A lot has been written in the HPC field about how it doesn’t matter how many cores you have in a processor if you can’t keep them busy. Well, I will pile on with my own proof point and opinion. One of the key factors to keeping the processor cores busy is how fast you can move data in and out of cores. In some cases, customers maximize total application performance by optimizing around performance per core. This also often results in extracting the best performance return on your application licensing costs (if you happen to be licensing your application on a per core, process, or software token basis). The performance per core optimization occurs by turning some cores in the processor and thus allowing the remaining active cores more memory bandwidth-- spreading your workload among more processor sockets or servers while keeping the number of cores constant. So why would you turn off cores in one of the best processor in the market today?

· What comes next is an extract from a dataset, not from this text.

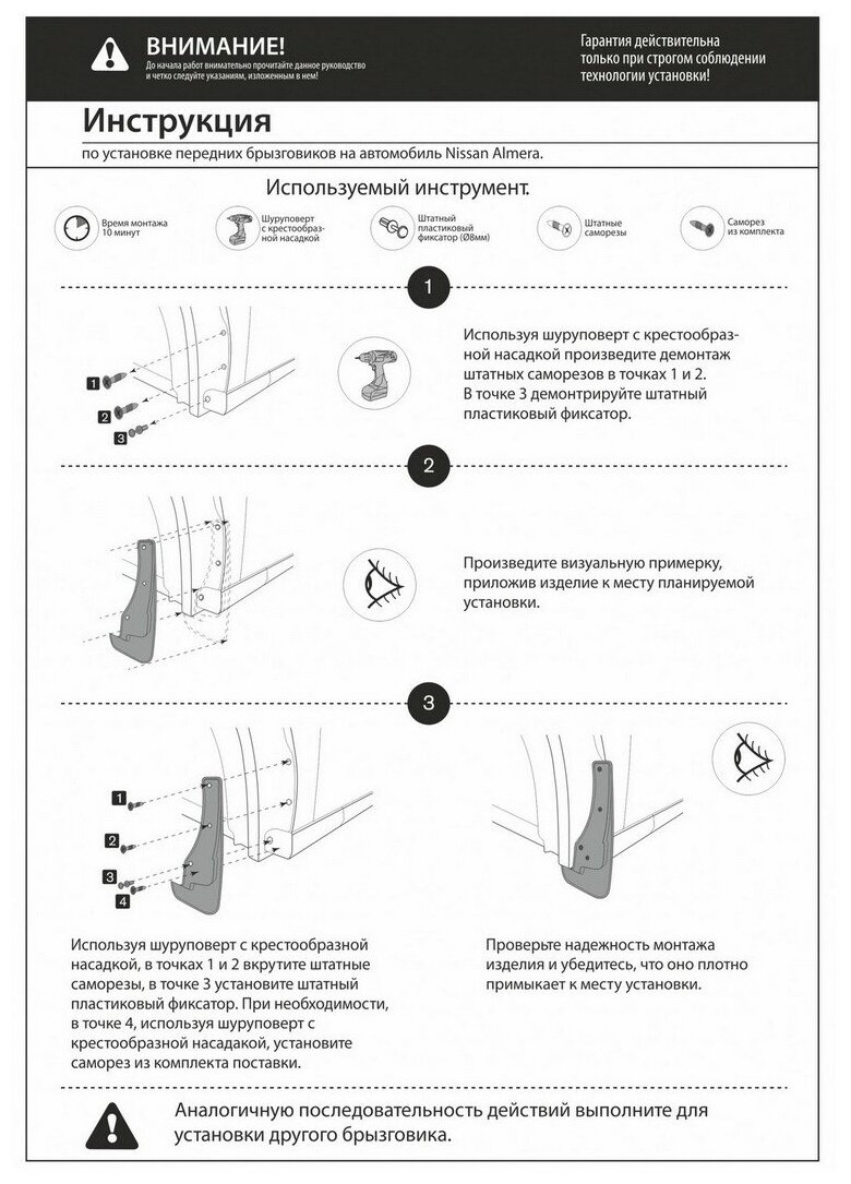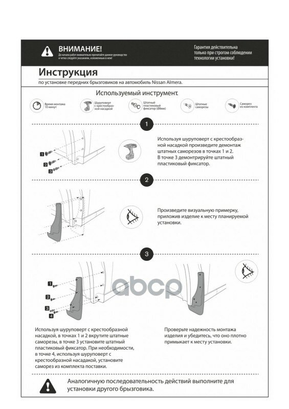| Комплектация | 2 брызговика, крепеж, инструкция, упаковка |

Consider the Nehalem-EP processor example running a memory bandwidth intensive energy application (refer to Fig). The base case scenario (relative elapsed time = 1.0) corresponds to running the application on 2 dual socket processors servers using all cores active (4 cores per processor). Now, moving to the right, 4 dual socket processor servers using only 2 of 4 cores active per processor, maintaining the number of total cores constant, resulted roughly in a 30% improvement in application elapsed time. In other words, moving from 2 two sockets servers with all cores active per processor to 4 two sockets servers with half cores active per processor resulted in a about 30% improvement in application performance. If you license software costs are on a per core or process basis, then you just used the same number of total software resources while achieving 30% faster results. Results might vary on your application, but there a number of applications in the Energy and CAE field would exhibit this type of scaling behavior.
With upcoming multi-core products in the horizon from not just Intel, it is important to keep in mind what HPC folks have known all along, it is about optimal balance of performance and I would further add to this: extracting the maximum performance out of your software licensing costs. With the Intel® Xeon® processor 5500 series (Nehalem-EP) in the market today and upcoming Westmere-EP processor, we aim to give HPC users just that.